Search code examples
pythonpython-3.xgoogle-cloud-platformurllibpycurl

Download public files from cloud.google.com using python when it requires login


I'm trying to download the twitter misinformation/elections-integrity dataset at: https://storage.cloud.google.com/twitter-election-integrity/hashed/ira/ira_media_file_list_hashed.txt

But it requires a login. I'm not using Google App Engine, just python 3 running on my laptop. I've written the following code to download the files:

for a_url in download_urls:
    filename = os.path.join(data_path, os.path.basename(a_url))

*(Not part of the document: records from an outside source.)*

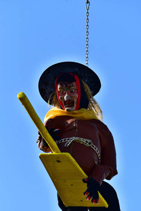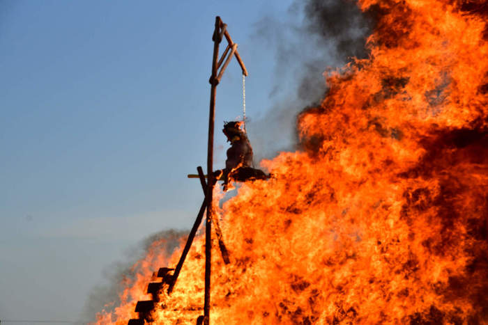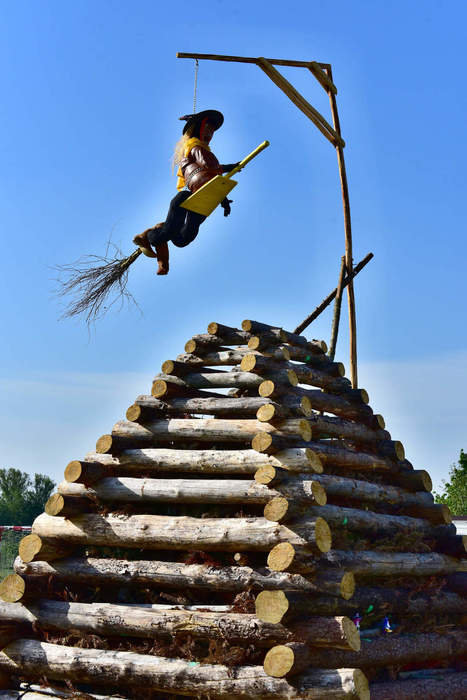 Letos jsme si připravili jednu specialitu - nad čarodějnickou hranicí byly vztyčena konstrukce připomínající šibenici a na ni byla zavěšena speciální létající čarodějnice. Vše vymyslel a autorem čarodějnice byl zdejší rodák a všeuměl Milan Danihelka.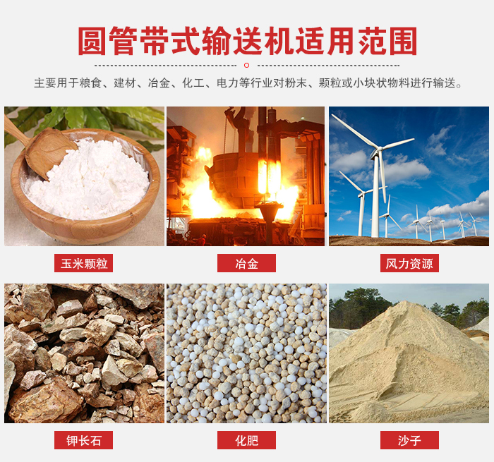 圆管带式输送机主要用于粮食、建材、冶金、化工、电力等行业对粉末、颗粒或小块状物料进行输送任务,如水泥、混凝土、饲料、化肥、粉煤灰等物料,不宜输送易变质的、粘性大的、块度大的及易结块的物料。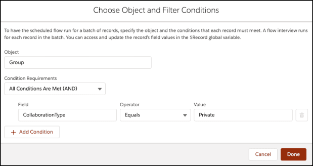 - Utilice el flujo activado por programación para comprobar si hay solicitudes de grupos de Chatter pendientes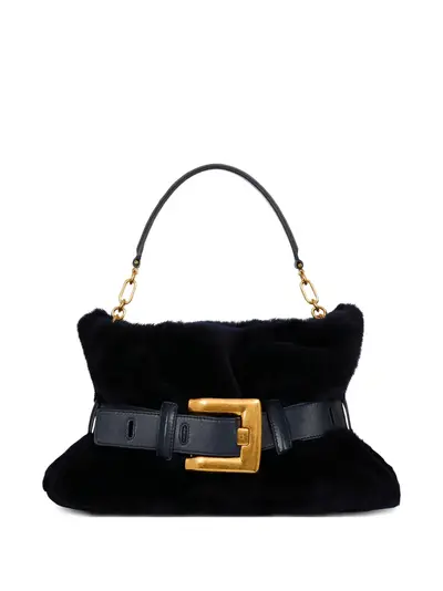 navy blue shearling leather belt gold buckle chain strap detail top handle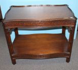 Late 19th century mahogany Chippendale style side table with ornate carving and shelf. The top edge has gadrooning and latticework carving; 31 1/2" w., 18" d., 27" h. Late 19th century mahogany Chippendale style side table with ornate carving and shelf. The top edge has gadrooning and latticework carving; 31 1/2" w., 18" d., 27" h.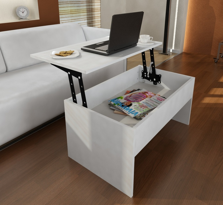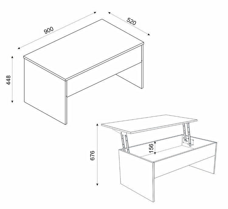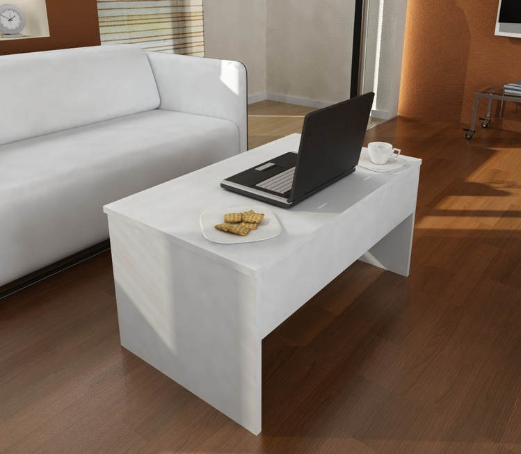 Rozkládací konferenční stolek s úložným prostorem je vyroben z kvalitního lamina o tl.18 mm hraněné PVC páskou, odolného proti poškrábání v barvě matná bílá. Horní deska stolu se dá vyzdvihnout, a je možné takto stůl používat i jako pracovní. Dodáváme v demontovaném stavu.CASA 28001

    if not os.path.isfile(filename):
        #urllib.request.urlretrieve(a_url, filename)
        with open(filename, 'wb') as f:
            c = pycurl.Curl()
            c.setopt(c.URL, a_url)
            c.setopt(c.WRITEDATA, f)
            c.setopt(c.CAINFO, certifi.where())
            c.perform()
            c.close()

Is there a way I can download these files while avoiding having to log in to my google account?

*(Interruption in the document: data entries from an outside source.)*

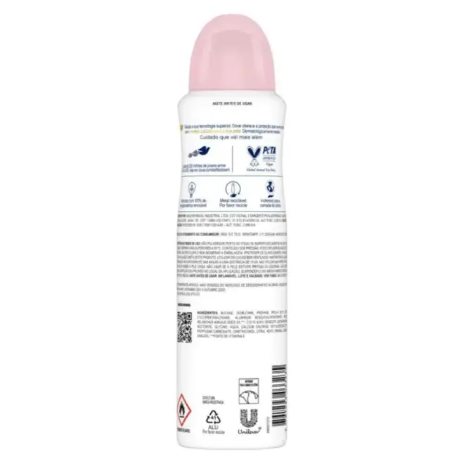 O Desodorante Antitranspirante Aerosol Dove Beauty Finish foi desenvolvido para proporcionar uma pele das axilas visivelmente mais macia e bonita. Sua fórmula exclusiva contém 1/4 de creme hidratante enriquecido com Vitamina E, que auxilia na recuperação da pele após a depilação, mantendo-a hidratada e cuidada.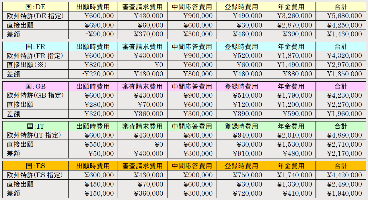 - 欧州特許の指定国として権利取得する場合とその国に直接出願して権利取得する場合の比較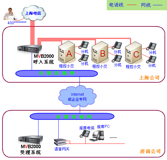 2、上海原有程控交换机下的分机通过拨打内部接入号码(即原有程控交换机下的分机线路号码),进入上海呼叫中心接入系统,通过语音导航后输入济南座席号码,然后通过IP网络传送到济南呼叫中心受理系统后拨通对应座席号码;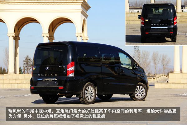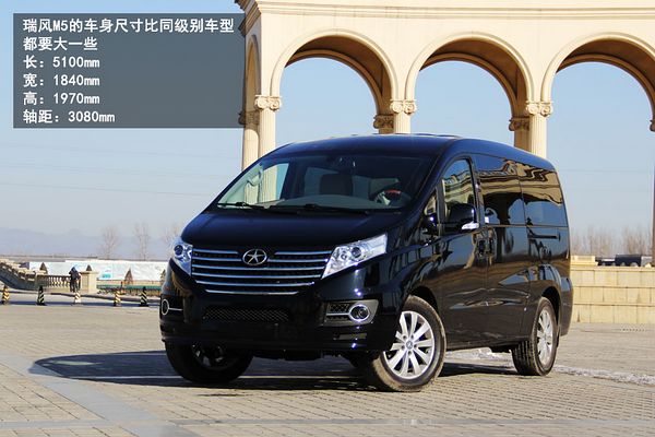 瑞风M5的外观设计与之前的瑞风Ⅱ相比并没有太多的变化,延续了较为硬朗的风格。车身尺寸上,瑞风M5比同级别其他车型大了一圈,其长宽高分别为5100mm、1840mm、1970mm,轴距达到3080mm。这样使得瑞风M5的车内乘坐空间进一步提升,主要体现在第二排和第三排腿部空间上。

Or is there a easy way to login via python?

Almost all the information online is how to do this from within a GAE environment, and I'm not trying to connect to a bucket.


Solution

  • The URL mentioned indicates that the files are served from Cloud Storage. Since logging in is required it means the objects aren't publicly accessible.

    The application serving these files uses a user-centric OAuth 2.0 flow. From Authentication:

    Cloud Storage uses OAuth 2.0 for API authentication and authorization. Authentication is the process of determining the identity of a client.

    • A user-centric flow allows an application to obtain credentials from an end user. The user signs in to complete authentication.

    Is there a way I can download these files while avoiding having to log in to my google account?

    The answer here should be no. Otherwise it's a bug - you'd be able to bypass Google Cloud security ;)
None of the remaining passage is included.